Hi,
Hoping to get some guidance here. Been trying to track down a very very weird problem for months and today I finally ran across a “smoking gun”. Looking to understand what’s happening a little better.
In our company we have a CUCM 8.6 system and make very heavy use of Asterisk for a MeetMe based bridge (among other things.) Since an upgrade to Asterisk 11.5 last summer, been getting sketchy reports of individual callers to the bridge getting “bad quality” audio, isolated to Cisco 7962G phones. (We have all sorts of phones in our fleet, but only the 7962 has this issue.) It’s relatively rare, and I have not been able to reproduce it, but I have personally experienced it. When it does happen, it only affects one conference participant at a time.
The issue sounds exactly like this–and forgive me for posting a link to Cisco’s forum here :
supportforums.cisco.com/thread/2180971
Pretty weird. Lasts about 90 seconds and goes away, or you can hold/unhold to restart the RTP and it also goes away.
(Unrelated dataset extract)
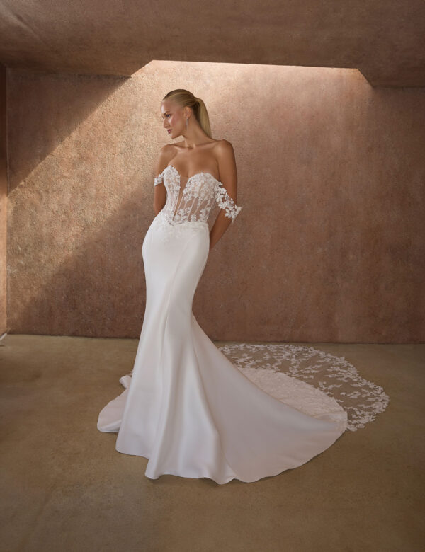 Son bustier en dentelle transparente apporte raffinement et sensualité, tandis que sa jupe et sa traîne en mikado offrent une touche de modernité et de majesté.

Today, finally captured the network traffic and I see that exactly when this issue starts, there is a “marked” RTP packet in the stream. I’m also missing a number of packets leading up to the marked packet, so it looks just like this issue:
issues.asterisk.org/jira/i#brow … RISK-17952
I have a capture at the phone and also a tcpdump from the server that shows this, so I know it’s coming from the server itself. The capture glitches a little at that point when I play it back using Wireshark, so it appears the 7962 has some particular problem with this marked packet, and basically loses it’s mind for a bit. Other phones seem more resiliant.
In the Asterisk issue 17952, the behavior is listed as “normal” since Asterisk is not the source of the audio and is not the source of the skew leading to the marking.
But…
In this case the source of the RTP is Asterisk MeetMe on that server, so I can’t figure out why Asterisk would suddenly think it’s a good idea to skip some audio. The server definitely knows that something happened, else it would not mark the packet, right?
And no, I don’t think we have issues with server capacity… this HP blade has 24 cores, RHEL 6.4, 256 GB RAM. Typically runs with a load average of 0.2. I’ve synthetically tested the server all the way up to the 512 call DAHDI limit, and tested ConfBridge to a couple of thousand. Normal load is a small fraction of that.
And yes, I do hope to migrate to ConfBridge some day… the problem is that the WebMeetme based portal we use would need totally redone, and time is required.
I thought I would reach out for some guidance while I try to dig through the code.
For now, can anyone point me to where this RTP header is built? Dahdi or Asterisk? Is it rebuilt by the bridge, or is it copied from a source packet?
Any thoughts on this issue would be greatly appreciated.
Thank you!
-Brian